1. Первое в жизни приключение

Поезд, идущий темной-темной ночью по черному-черному лесу. Рельсы разрезают его, как например такой торт… да? Вот разрезать его на две половинки. Ага; ну вот только теперь еще представим ползущую по этому тонкому разрезу пчелу, а еще лучше муравья. А торт пусть будет величиной с дом! Вот; тогда получится что-то вроде того, как этот поезд полз по этому лесу: трепеща; не чая… ну, чая, чая, который пьют! – ни чая, говорю, ни кофе, чтоб запить этот уж-жасно сладкий и такой… черный… Кто черный – кофе?..

Да лес!!!..

Ладно; это я от радости; а поезд – он ехал себе; а лес – был никакой не торт. А стена! – и эта стена волшебным образом расступалась, распадалась на две половинки, напра-а… – и нале-е-е-е… Во! – по мере того как поезд мчится – у-у-уууу! дым из-под колес, из всех труб искры, – ничего не боясь, куда ему надо. Но вдруг он стал останавливаться.

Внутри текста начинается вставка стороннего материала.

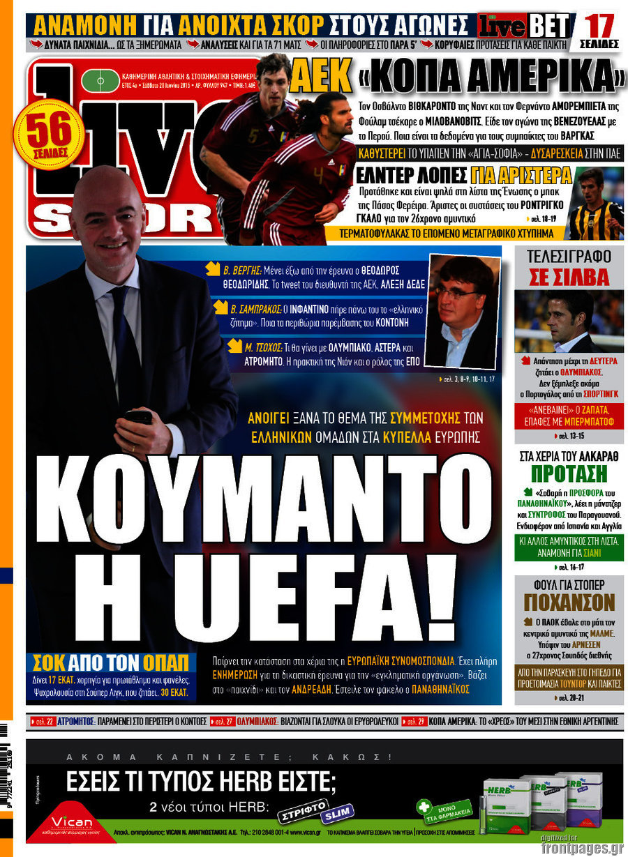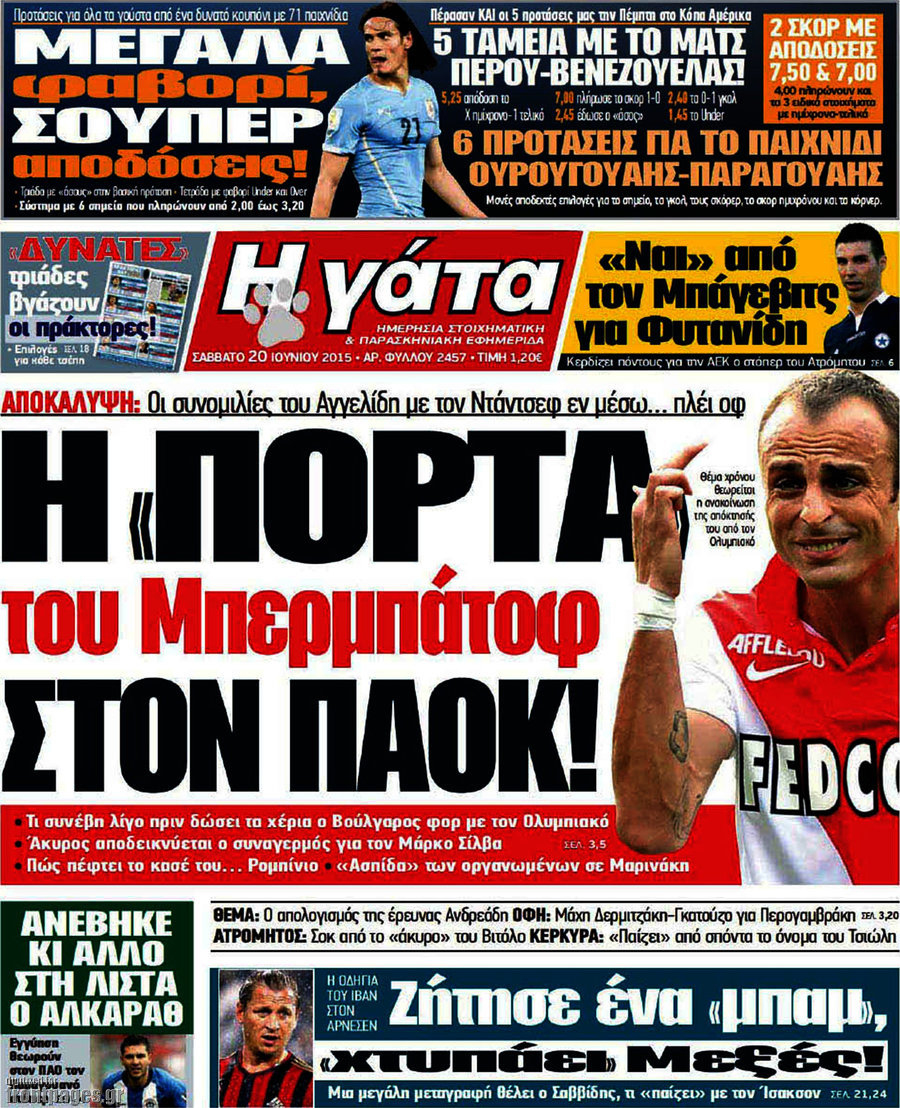 Οι αθλητικές εφημερίδες 20/6/2015 Enikos Newsroom 07:47, Σάββατο 20 Ιουνίου 2015 Media Διαβάστε τα σημερινά πρωτοσέλιδα των αθλητικών εφημερίδων. ΑΘΛΗΤΙΚΕΣ ΕΦΗΜΕΡΙΔΕΣ ΕΦΗΜΕΡΙΔΕΣ ΠΡΩΤΟΣΕΛΙΔΑ Μοιράσου το: σχολίασε κι εσύ (0 σχόλια) Ακολουθήστε το enikos.gr στο Google News και μάθετε πρώτοι όλες τις ειδήσεις Δείτε όλες τις τελευταίες ειδήσεις από την Ελλάδα και τον Κόσμο στο enikos.gr Ειδήσεις Ροή Ειδήσεων 50 λεπτά πριν Μεσόγειος: Η διαδρομή του ρωσικού τάνκερ «Qendil» και η στοχευμένη επίθεση της Ουκρανίας με drone – Ο Πούτιν προειδοποίησε για αντίποινα 44 λεπτά πριν Αττική: Θρίλερ με νεκρό βρέφος 5 μηνών – Κοιμόταν στο ίδιο κρεβάτι με τους γονείς του 2 ώρες πριν Από το Ορμένιο ως τα Μάλγαρα κι από τη Σιάτιστα μέχρι τη Νίκαια: Μπλόκα σε όλη την Ελλάδα – Το Σάββατο ανοίγουν τα διόδια οι αγρότες 2 ώρες πριν «Έλληνας Εσκομπάρ»: Φωτογραφίες με τους 4 τόνους κοκαΐνης που κατασχέθηκαν από το σκάφος «Ουρανία» 3 ώρες πριν Πούτιν: Σαρκαστικά μηνύματα, παράπονα και απρόοπτα στη συνέντευξη Τύπου – Η πρόταση γάμου on air και οι ερωτήσεις για τα αγγούρια και τους… εξωγήινους 3 ώρες πριν Τα 5 ζώδια που ευνοούνται στην ερωτική ζωή τους την επόμενη εβδομάδα – «Η ενέργεια του Αιγόκερου φέρνει αγάπη και σταθερότητα» 7 ώρες πριν Ειδικός μοιράζεται 6 κόλπα για να διατηρείστε σε φόρμα με πάνω από 40 ώρες εργασίας την εβδομάδα: «Προπονηθείτε πριν από τη δουλειά, όχι μετά» 4 ώρες πριν Αυτό το έξυπνο μαθηματικό κόλπο θα μπορούσε να αλλάξει τον τρόπο με τον οποίο οι επιστήμονες μελετούν τους σεισμούς 2 ώρες πριν Κουίζ για την παλιά Αθήνα: Αναγνωρίζετε την περιοχή; Έχετε περάσει 100% από εκεί 2 λεπτά πριν Hellenic Train: Αλλαγές και καταργήσεις δρομολογίων λεωφορείων λόγω των αγροτικών κινητοποιήσεων 8 λεπτά πριν Ζελένσκι: «Δεν χρειάζεται αναθεώρηση του Συντάγματος» για να εγκαταλείψει η Ουκρανία τον στόχο ένταξης στο ΝΑΤΟ 12 λεπτά πριν Παναγιώτα Βλαντή: Η τρυφερή εξομολόγηση για τον σύζυγό της – «Πραγματικά ήταν για μένα αυτό που ήθελα σε όλη μου τη ζωή» 19 λεπτά πριν Επίσημη η «βόμβα»: Ο ΠΑΟΚ ανακοίνωσε την απόκτηση του Πάτρικ Μπέβερλι 23 λεπτά πριν Θεσσαλονίκη: Πατέρας εγκαλεί τον Ιατρικό Σύλλογο για ποινές «χάδι» σε γιατρό που κατηγορείται για τον θάνατο του παιδιού του ENIKOS NETWORK «Η σούπερ» γρίπη εξαπλώνεται στην Ευρώπη-Στοιχεία για την αποτελεσματικότητα του εμβολίου από το ECDC ΕΛΣΤΑΤ: Αύξηση κατά 1,7% των επαγγελματιών υγείας το 2024 Η απάντηση της κυβέρνησης στα αιτήματα των αγροτών: 16 έχουν ικανοποιηθεί, 4 βρίσκονται υπό επεξεργασία και 7 δεν είναι εφι... Μισθολογική διαφάνεια: Το 68% των εργαζομένων αγνοεί τη νέα οδηγία – Αναλυτικά τα στοιχεία έρευνας Χαρτογραφώντας το «σημείο χωρίς επιστροφή»: Για πρώτη φορά αποκαλύπτεται με λεπτομέρεια το ακανθώδες όριο της ατμόσφαιρας τ... Η Google καταργεί τη λειτουργία «dark web report» – Πώς θα μπορούν οι χρήστες να διαγράφουν τα δεδομένα τους περισσότερα 18:11 , Παρασκευή 19 Δεκεμβρίου 2025 Το σόι σου: Ο Άρης έρχεται στην Ελλάδα για τις γιορτές των Χριστουγέννων – Τι θα δούμε στο αποψινό εορταστικό επεισόδιο Ένα απολαυστικό, εορταστικό επεισόδιο της σειράς “Το σόι σου”, γεμάτο ευτράπελα αλ... 15:15 , Παρασκευή 19 Δεκεμβρίου 2025 Την Κυριακή με τη Realnews: Ό,τι και αν αγοράσεις, σκανάρεις και κερδίζεις! Την Κυριακή με τη Realnews: Ό,τι και αν αγοράσεις, σκανάρεις και κερδίζεις! Με το PADU app, το... 08:00 , Παρασκευή 19 Δεκεμβρίου 2025 Την Κυριακή με τη Realnews: Δωροεπιταγή 10€ Δωροεπιταγή αξίας 10€ για αγορές άνω των 60€ από

Почти шагом – и, по мере того, как смолкал грохот колес, вспугнутая до этого, выползала змеей из-под рельсов и поднималась над ним на хвосте, распуская бескрайнюю мантию, тишина. И огромная, черная-черная ночь приняла в свои объятья – поезд, что черепашьим ползком взобрался на пригорок и тут остановился совсем.

Такой пригорок, поросший мягкой, уже уставшей от дымного, длинного лета травой – до самого низа, где, внизу, не было реки или озера? – поди знай наверняка, в темноте. Ни реки, ни озера, ни асфальтной дороги, желающей поднырнуть под железную (так тоже бывает)? Ни какой-нибудь даже захудалой станции!.. А тогда непонятно, с чего бы ему останавливаться в таком месте в глухом лесу посреди черной ночи – когда…

Открылась дверь в каком-то вагоне посередине состава. В девятом, вот в каком: где едет начальник поезда! – и из этой двери, под зад коленом, вылетела маленькая фигурка – и умудрилась на лету одной рукой скрутить назад фигу, а другой вставить в зубы и затянуться один раз сигаретой!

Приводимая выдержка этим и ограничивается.